Influence of intron and exon splicing enhancers on mammalian cell expression of a truncated spike protein of SARS-CoV and its implication for subunit vaccine development

The spike (S) protein of severe acute respiratory syndrome coronavirus (SARS-CoV) is important for vaccine development. A truncated S protein of the TW1 strain, S(TR2) (88 kDa), carrying three S fragments (S74–253, S294–739, and S1129–1255) was investigated to study the influences of intron and exon splicing enhancers to improve S(TR2) protein expression in mammalian cells.
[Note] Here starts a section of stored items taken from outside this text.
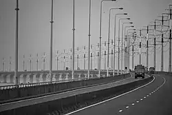 The road transport sector experienced rapid changes in the 1990s. Town services as well as inter-city bus transport and private taxicab services significantly improved through introduction of many large bodied modern buses.[11] There were only 133,253 motor vehicles in Bangladesh in 1985 and the number rose to 405,919 in 1999.[12] The construction of Bangabandhu Jamuna Bridge was completed in the second half of the 1990s and the bridge was opened to traffic in 1998. Other important bridges constructed in the 1990s included the Dhalla bridge, the 4th Bangladesh-China Friendship bridge, the Langalbanda bridge and the second Buriganga bridge that linked the national highways and contributed to substantial increase in road traffic.[12] Although the railway network benefited from the increased connectivity from Jamuna Bridge, the sector continued to lose share. The share of the railway sector in passenger traffic declined from 50% in the 1960s to 12% in 1990s and in freight traffic over the same period from 40% to 7%. Due to small volume of traffic and resulting low profitability Faridpur-Pukuria, Bheramara-Raita, Feni-Belonia, and Rupsa-Bagerhat sections of the railway line were closed between 1994 and 1997.[13] Air Transport sector also did not grow much in this decade. As of 1989, there were 14,600 registered carrier departures worldwide which came down to 5,900 by 1999. During the same period number of passenger carried slightly increased from 1.00 million to about 1.22 million per annum.[4]
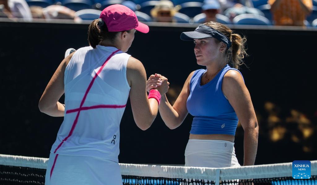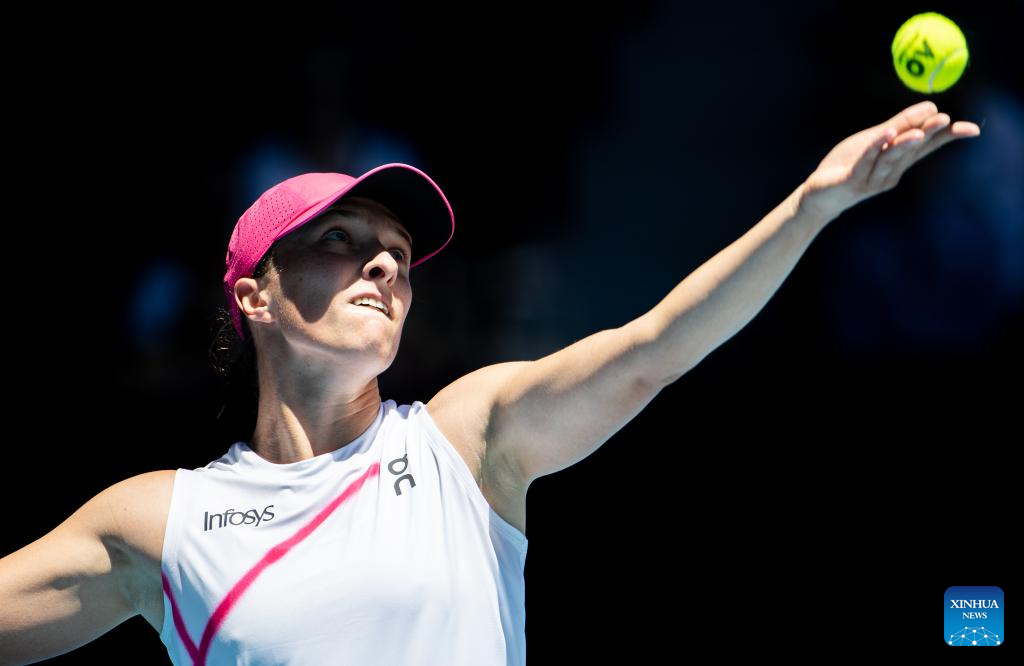 MELBOURNE, Australia, Jan. 16 (Xinhua) -- Australian Open title favorites Iga Swiatek and Carlos Alcaraz on Tuesday cruised to the second round after recording straight-sets victories.
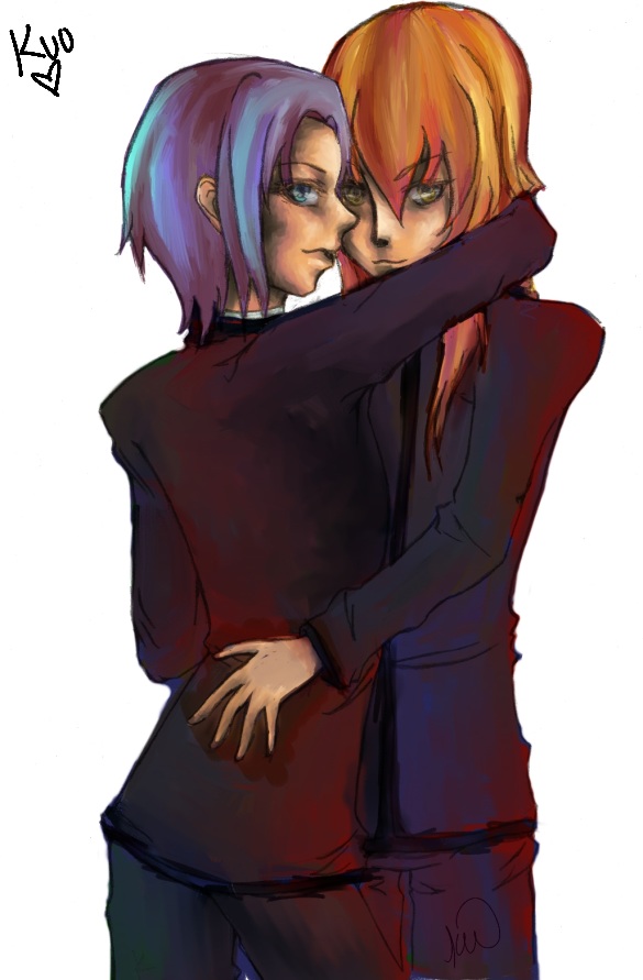 A scrap doodle with some crazy looking paint on it of Yuujirou and Tooru from Princess Princess =)
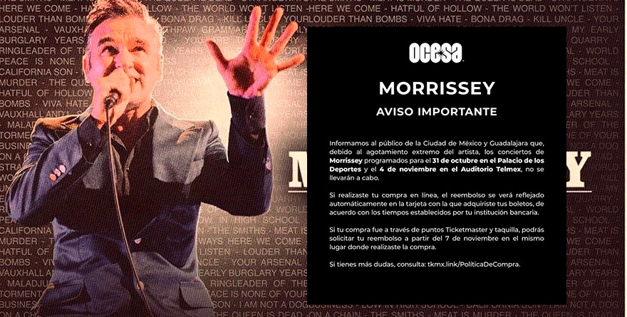 A solo unas horas de su primera presentación en el Palacio de los Deportes, el cantante británico Morrissey volvió a cancelar sus conciertos programados para el 31 de octubre y 4 de noviembre en la Ciudad de México, argumentando “agotamiento extremo”.
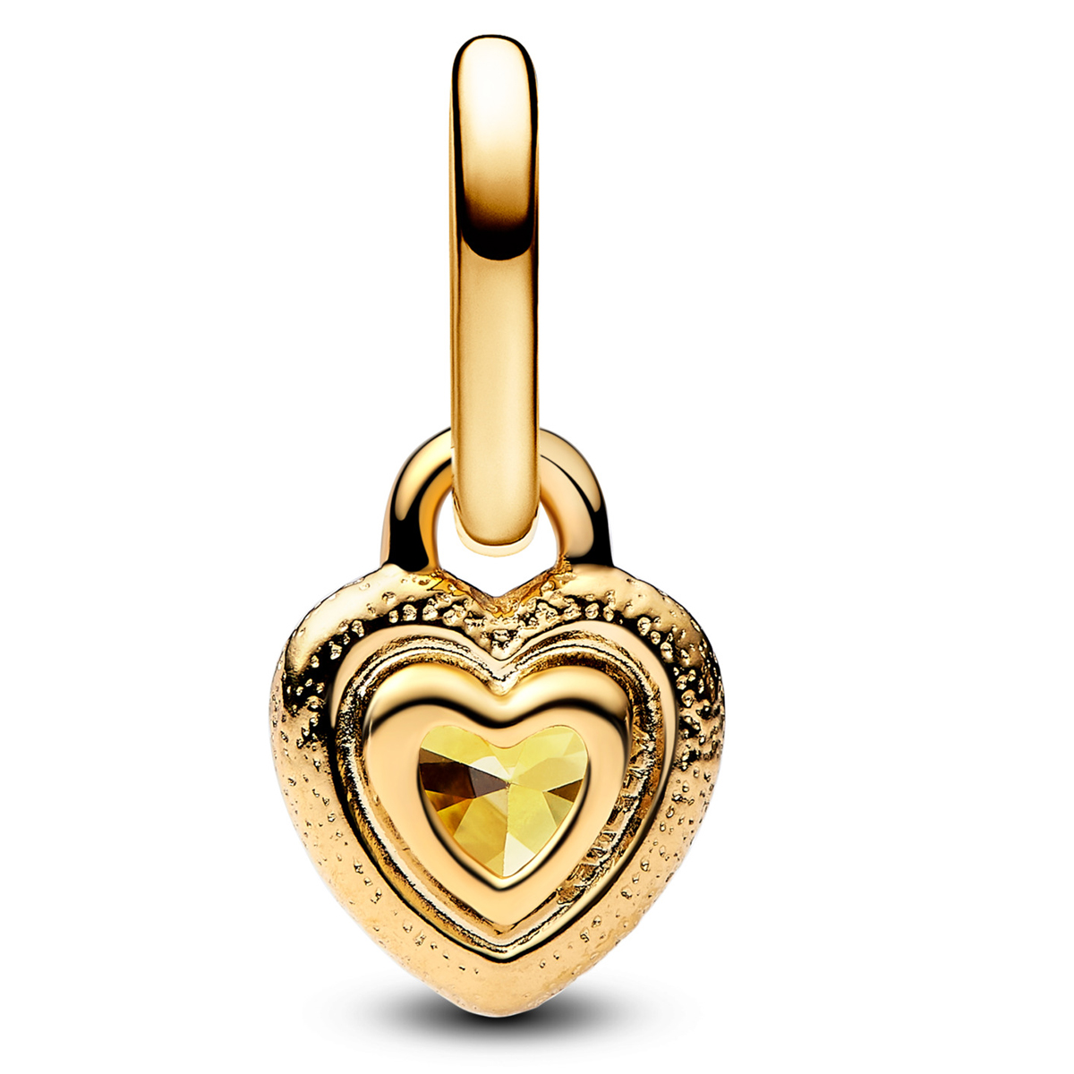 Feiere deine Lieben mit einem wunderschönen herzförmigen Charm, das von einem strukturierten Metallrahmen umgeben ist und den Effekt eines schlagenden Herzens erzeugt.

Our results showed that S(TR2) protein expression with the use of an 138 base-pair intron addition increased by 1.9-, 2.5-, and 4.1-fold in Vero E6, QBI-293A cells, and CHO/dhFr− cells (dihydrofolate reductase [dhfr] gene deficient CHO cells), respectively. Using the exon splicing enhancers, including a bidirectional splicing enhancer (BSE) or an exon splicing enhancer derived from the EDA alternative exon of the fibronectin gene (EDA ESE), were also found to increase S(TR2) protein expression in CHO/dhFr− cells by 1.7- and 2.6-fold. Nevertheless, combination of the intron and the exon splicing enhancers resulted in suppressing the intron-enhancing e S(TR2) protein expression in in CHO/dhFr− cells. Our studies also demonstrated the S(TR2) protein was mainly as the Endo H-sensitive glycoprotein (115 kDa) expressed in Vero E6, QBI-293A, and CHO/dhFr− cells. However, only a minor form of the Endo H-resistant glycoproteins (∼130 kDa) was detected in CHO/dhFr− cells. Taken together, our results indicated that intron had a better enhancing effect on S(TR2) protein expression than exon splicing enhancers, and the expression of ∼130 kDa S(TR2) glycoprotein was enhanced by the intron addition into the expression vector construct. Results of the present study can provide an optimal strategy to enhance SARS-CoV S protein expression in mammalian cells and may contribute to the development of SARS-CoV subunit vaccine.